Since contractual forms are in competition, and only the most adapted survive, it certainly guides to normative conclusions2. In particular, the assumptions of the positive theory are liberal and suitable with the recent economy of property rights. This flexibility occurs through its aptitude to reduce contract costs (agency costs: surveillance costs, and transaction costs) and cognitive costs associated to behavioral biases. Immediately adapt and survive resumes to manage potential conflicts among stakeholders at minimum cost. The persistence of corporate governance system and each mechanism is related to their ability to reduce these costs and only efficient and optimal governance system can survive.
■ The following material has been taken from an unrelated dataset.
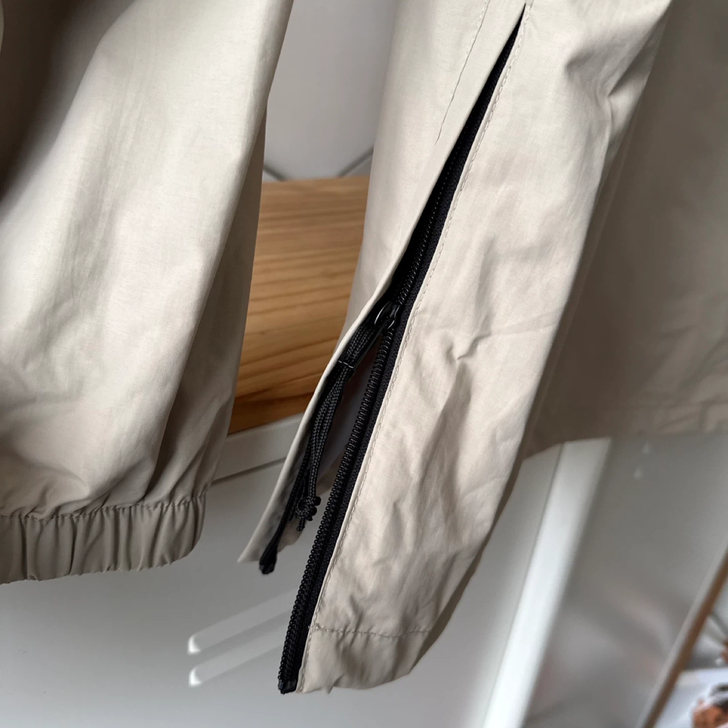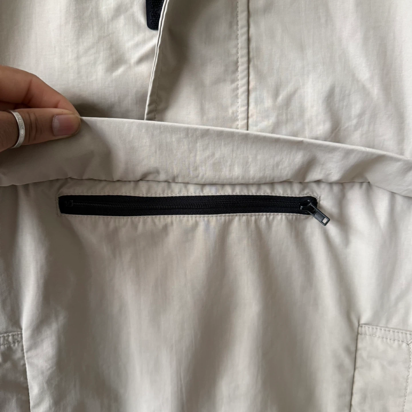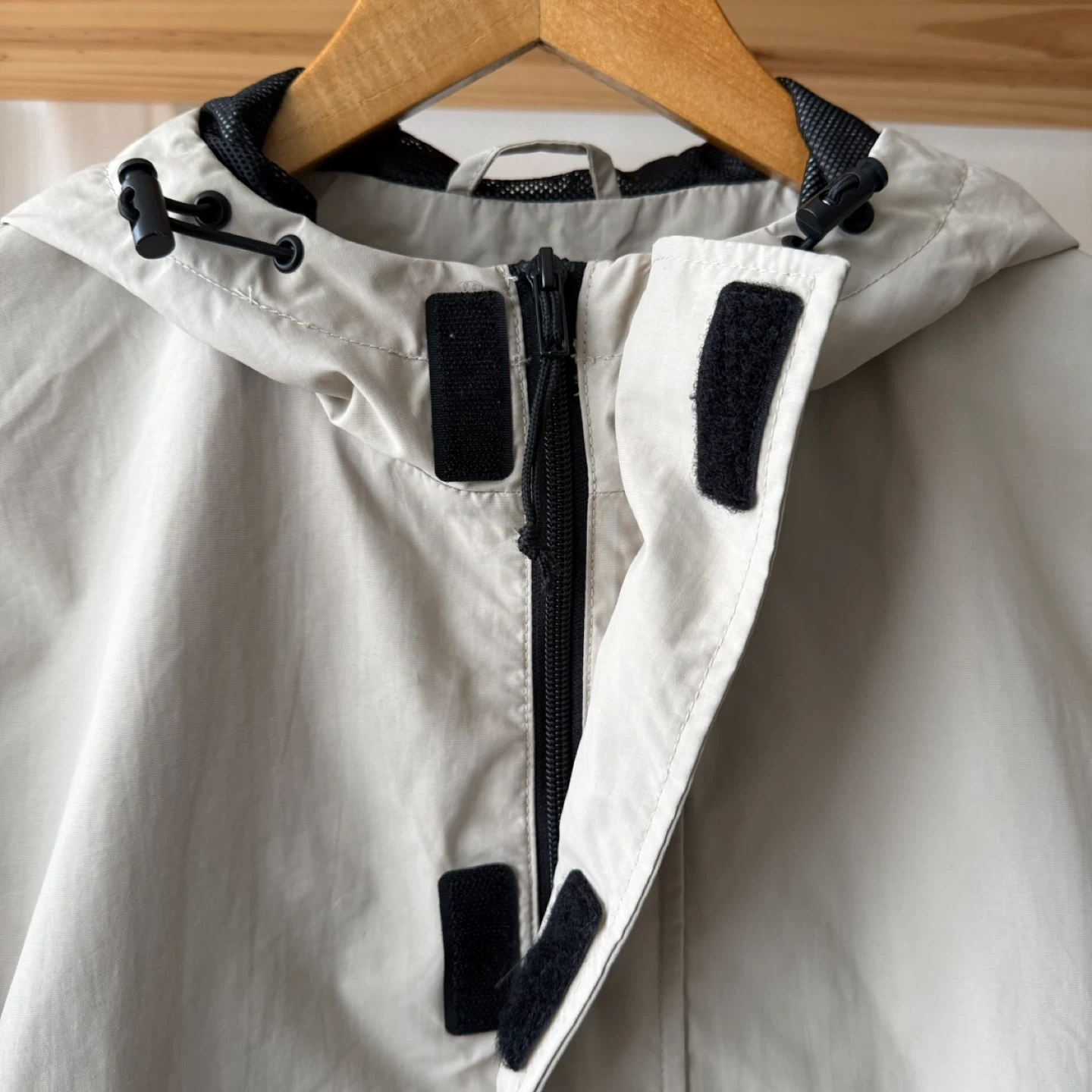 Light tan anorak windbreaker with hood. Ideal for casual wear. Stylish and functional.

Adapt and survive is accompanying with efficiency, it allow corporation to hold more power across hostile growth policies and establishing more networks. A firm that wants to survive in a background exposed to the "Darwinian selection" is destined by this means to adapt. "Adapt or die!" is the roadmap to success as well-defined by Heinrich &

Betts (2003), Beerel (2009), Morçöl (2007), Appay (2005) and Nelson (2006). According to Pascale (2001), an all- powerful environment with unpredictable fluctuations can control the firm from top to bottom. There are no refuges from this “Darwinian jungle”, and it is not getting easier. In this condition, the environment necessitates a practice leading to select the most appropriate organizational systems. Hannan & Freeman (1989) argued that firms suffering from a notable structural inertia will be the first to disappear. In this context, (Ning et al., 2010) argued that economic Darwinism would eliminate a large corporate board if a board with a large number of directors is harmful to firm value. Similarly, if large boards were better, economic Darwinism would eliminate small boards. To take into account this dynamic scenarios firm's corporate governance department requires method-based new decision support tools to determinate their optimal board structure. These tools must be able to predict the change in the board structure storage, and must allow exploring economic Darwinism.

3. Method and data

Multi-objective optimization is nowadays a familiar method for problems in topics such as product design, finance, facility planning, etc. In this work, we propose to apply a multi-objective genetic algorithm to the board structure trade- off problem. Traditional investigation in psychology and multi-criteria decision-making has underlined many features of the human decision-making practice which often involve the simultaneous concern of more than one objective function (Steuer, 1986; Miettinen, 1999). Every so often these objectives may be contradictory so that there is a trade-off between the benchmarks, and effective results will not be unique, but will remain among a set of ‘non-dominated solutions’ where any specific objective cannot be improved upon without worsening some other. Here we describe the fundamental trade- off of board structure in terms of the multiple objectives of firm performance maximization and agency cost minimization, and apply multi-objective genetic algorithm for obtaining the non-dominated solution set. The main reason for operating multi-objective genetic algorithms is their aptitude to find multiple non-dominated solutions in a single simulation. In view of the fact that the principal reason why a problem has a multi-objective design is because it is impossible to obtain a single solution which simultaneously optimizes all objectives, an algorithm that contributes a large number of alternative solutions sitting on or near the Pareto-optimal front is of good practical value. In this study, we used multiobjective optimization using multiobjective genetic algorithm function gamultiobj in MATLAB Global Optimization Toolbox with its default options. The data used in this study comprise firm performance measured by ROA and Tobin’s Q. As in Florackis & Ozkan (2009) we measure agency costs (AGENCY) via the asset turnover ratio stated as the annual ratio of total sales to total assets. The asset turnover ratio denotes “…. an inverse proxy for agency costs and [can be]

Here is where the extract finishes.